MobyMax
- Type: Private
- Industry: Educational technology
- Founded: 2010; 16 years ago
- Founder: Glynn Willett; Wade Willett;
- Headquarters: Pittsburgh, Pennsylvania
- Products: Mathematics; Early Reading; Reading; Phonics; Language; Writing; Science; Social Studies; State Test Prep;
- Website: www.mobymax.com

= MobyMax =

Educational technology website

MobyMax is an American education technology program and company. It is designed for use in students in grades K–8. MobyMax includes 27 subjects. The program provides classroom tools such as assessments and progress monitoring for teachers and games and contests for students.

In 2017, MobyMax was used by 82% of K-8 schools in the United States, with 22 million students registered by teachers.

== History ==
MobyMax was founded in 2010 by Glynn Willett and his son, Wade Willett. Glynn previously co-founded ATX, a tax preparation software company. MobyMax was originally intended to find and fix skill gaps in special education students' learning but has also been utilized in other classes. The company expanded the program in 2013 to include Language, Reading, and Vocabulary.

In 2015, MobyMax released a science education product called Cognitive Skills Science.
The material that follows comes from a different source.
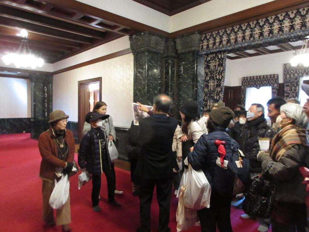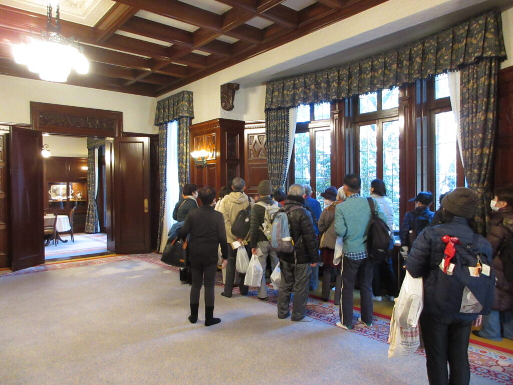前田邸では、ABC3班に分かれて、ガイドさんの案内で、昭和初期の和洋建築の粋を集めた和館と洋館を見学し、素晴らしい建物、調度品などを隅々まで堪能することができました。
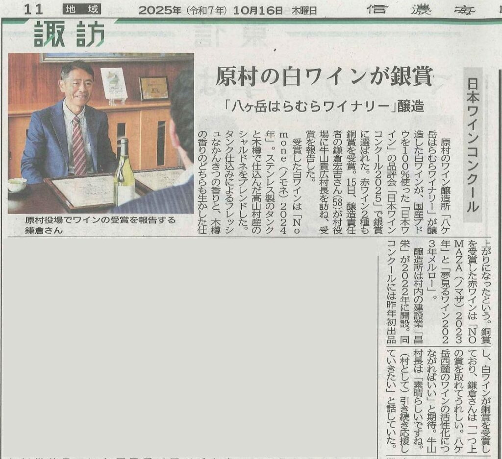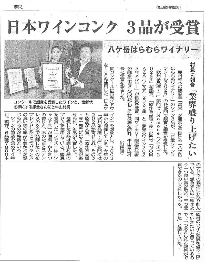弊社醸造のワインが「日本ワインコンクール2025」で銀賞・銅賞を受賞 2025年10月16日 by herohero 「日本ワインコンクール2025」で、弊社ワイン醸造所 八ヶ岳はらむらワイナリーの白ワイン「Nomone(ノモネ)2024年」が銀賞を、赤ワイン「NOMAZA(ノマザ)2023年」と「夢見るワイン2023年メルロー」が銅賞を受賞しました。 信濃毎日新聞 2025.10.16 11面 長野日報 2025.10.16 3面 八ヶ岳はらむらワイナリー

That same year, the company launched a trio of Early Reading modules, followed by Cognitive Skill Social Studies and seven early phonics modules in 2016.

In 2018, MobyMax released an educational assessment product. MobyMax conducted an internal, non-peer-reviewed study in 2018 with 4,000 students about classroom use of MobyMax.

In 2020, the company updated its software to help parents with homeschooling in response to the COVID-19 pandemic.

== Reception ==
In 2016, the Software and Information Industry Association (SIIA) named MobyMax a Best Science Instructional Solution finalist. The next year SIIA named MobyMax the Best PreK/Early Childhood Learning Solution and Best Education Cloud-Based Solution.